Top of SUPPLIED DATA
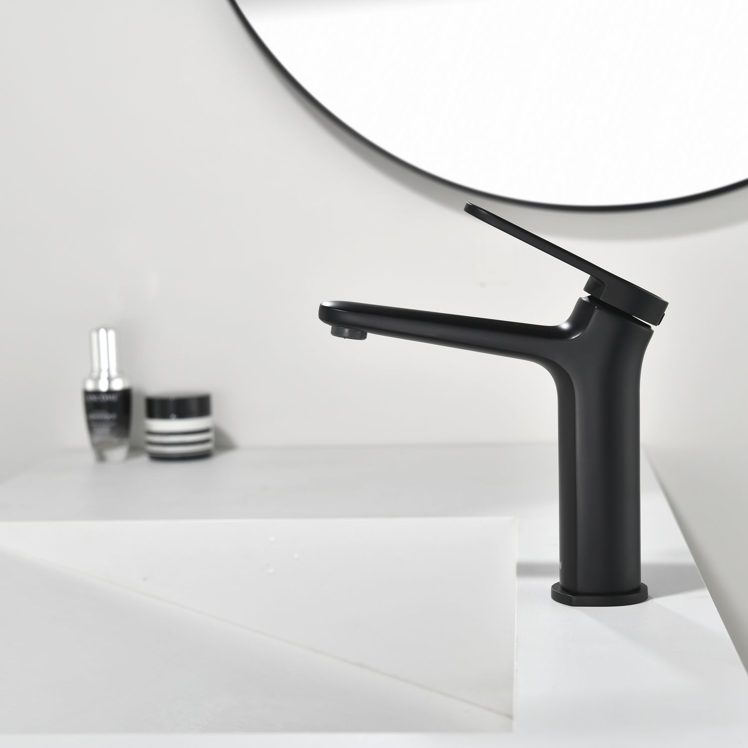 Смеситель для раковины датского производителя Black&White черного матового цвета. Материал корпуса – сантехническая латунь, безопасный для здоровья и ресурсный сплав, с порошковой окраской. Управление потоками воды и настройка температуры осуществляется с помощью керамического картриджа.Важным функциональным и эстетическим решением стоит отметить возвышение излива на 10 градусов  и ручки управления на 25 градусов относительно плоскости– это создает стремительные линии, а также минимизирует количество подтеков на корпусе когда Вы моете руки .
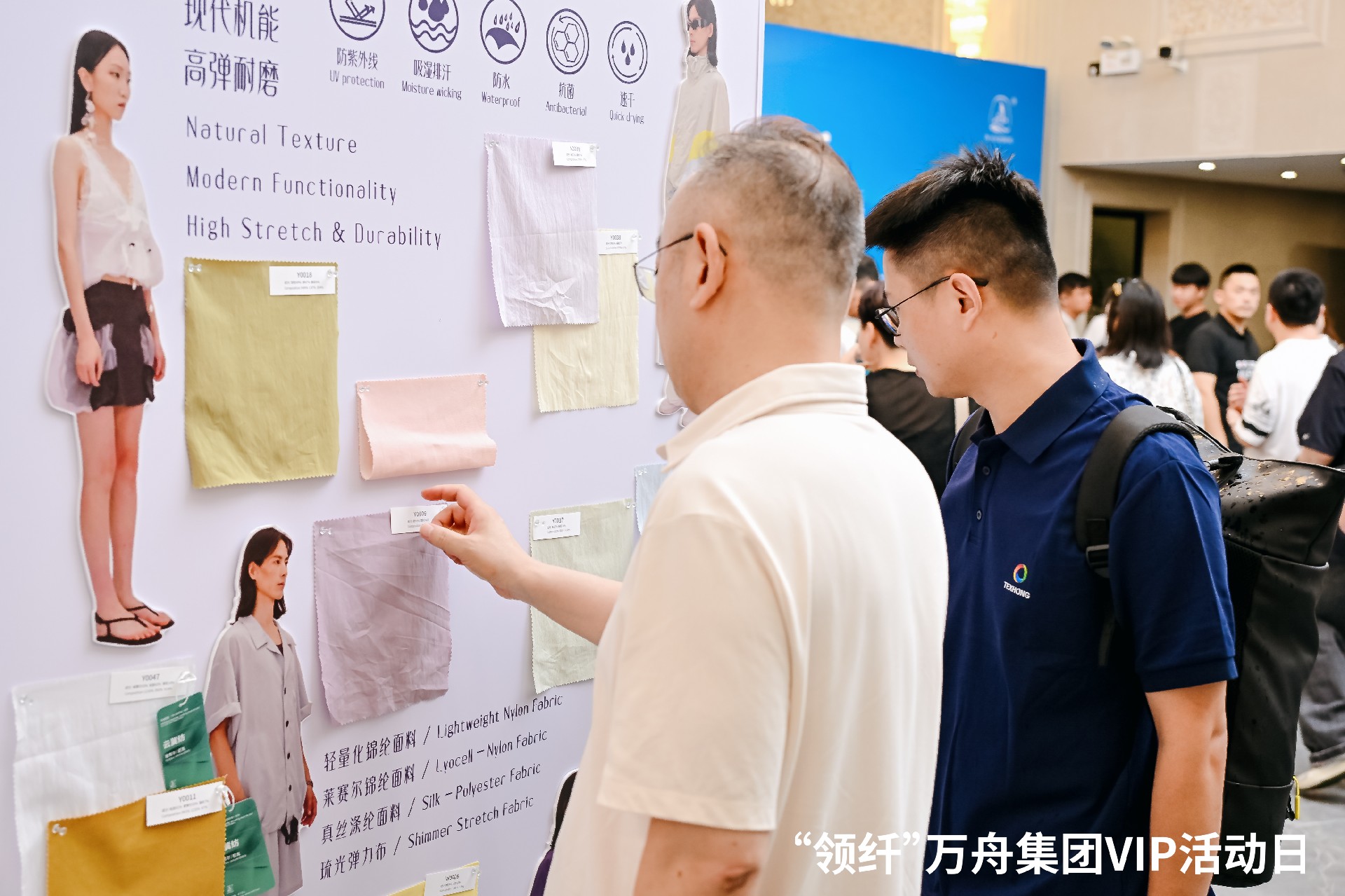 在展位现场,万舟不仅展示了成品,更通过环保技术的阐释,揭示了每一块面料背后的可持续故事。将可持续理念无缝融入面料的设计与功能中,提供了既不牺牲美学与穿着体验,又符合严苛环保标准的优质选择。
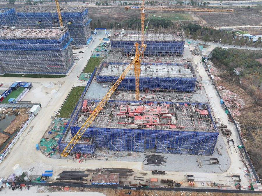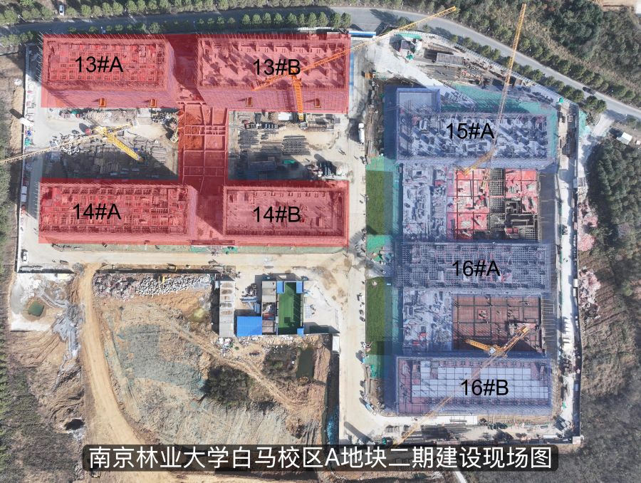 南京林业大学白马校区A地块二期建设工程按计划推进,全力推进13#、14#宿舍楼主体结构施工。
Bottom of SUPPLIED DATA
* _TASK TO COMPLETE_: All the lines above should be reproduced exactly, and none of the pictures.

* _OUTPUT OF THE TASK_:
 Смеситель для раковины датского производителя Black&White черного матового цвета. Материал корпуса – сантехническая латунь, безопасный для здоровья и ресурсный сплав, с порошковой окраской. Управление потоками воды и настройка температуры осуществляется с помощью керамического картриджа.Важным функциональным и эстетическим решением стоит отметить возвышение излива на 10 градусов  и ручки управления на 25 градусов относительно плоскости– это создает стремительные линии, а также минимизирует количество подтеков на корпусе когда Вы моете руки .
 在展位现场,万舟不仅展示了成品,更通过环保技术的阐释,揭示了每一块面料背后的可持续故事。将可持续理念无缝融入面料的设计与功能中,提供了既不牺牲美学与穿着体验,又符合严苛环保标准的优质选择。
 南京林业大学白马校区A地块二期建设工程按计划推进,全力推进13#、14#宿舍楼主体结构施工。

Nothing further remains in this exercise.